American Journal of Cardiology | 2013
Daniel Monopoli; Luca Bertelli; Fabio Sgura; Luigi Politi; Mirza Becirovic; Daniele Iaccarino; Antonella Lattanzi; Katia Rampino; Giulia Gorlato; Mila Menozzi; Maria Grazia Modena; Romeo Giulietto Zennaro; Rosario Rossi
The presence of clinical peripheral arterial disease (PAD) is associated with an increased risk for adverse cardiovascular outcomes in patients with coronary artery disease. However, there are few data regarding the impact of the presence and degree of the subclinical PAD on outcomes in patients with coronary artery disease. The aim of this study was to assess prospectively the grade of subclinical PAD in the setting of patients who underwent primary percutaneous coronary intervention for the prediction of intermediate- and long-term clinical outcomes. A total of 971 consecutive patients without histories of clinical PAD who under went primary percutaneous coronary intervention for ST-segment elevation myocardial infarction were included in a prospective follow-up.
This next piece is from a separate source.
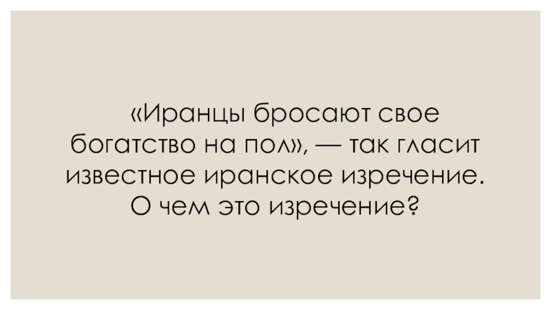 Слайд 8 «Иранцы бросают свое богатство на пол», — так гласит известное иранское изречение. О чем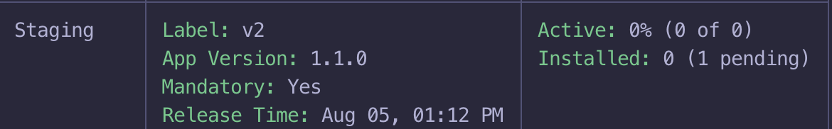 我发布了一个类似于codePush的版本:appcenter codepush release-react -a name/appName-1 -d Staging。这个命令成功了,我在iOS和Android的暂存环境中看到了正确的版本。

Subclinical PAD severity was blindly assessed on the basis of an ultrasound arterial morphologic classification defined with the assessment of wall carotid and femoral artery bifurcations. This classification included 4 increasing classes of subclinical carotid and femoral arterial wall lesions, and the total group was divided accordingly. Death and major cardiovascular and cerebrovascular events were evaluated. During a median follow-up period of 40 months, a total of 109 patients (11.2%) died, 9 (2.8%) in class I, 12 (3.1%) in class II, 37 (23.7%) in class III, and 51 (49.0%) in class IV (p <0.001). On multivariate analysis, mortality in class IV was sevenfold higher (hazard ratio [HR] 7.34, 95% confidence interval [CI] 3.3 to 16.33, p <0.001) compared to class I and was also increased in class III (HR 5.38, 95% CI 2.42 to 11.92, p <0.001). Similar results were obtained for major adverse cardiovascular and cerebrovascular events in class IV (HR 7.50, 95% confidence interval 5.36 to 10.50, p <0.0001), class III (HR 6.44, 95% CI 4.45 to 9.32, p <0.001), and class II (HR 1.73, 95% CI 1.23 to 2.43, p = 0.002). In conclusion, ultrasound arterial morphologic classification may be applied in patients with ST-segment elevation myocardial infarctions who undergo primary percutaneous coronary intervention and can stratify patients for poor clinical outcomes during long-term follow-up.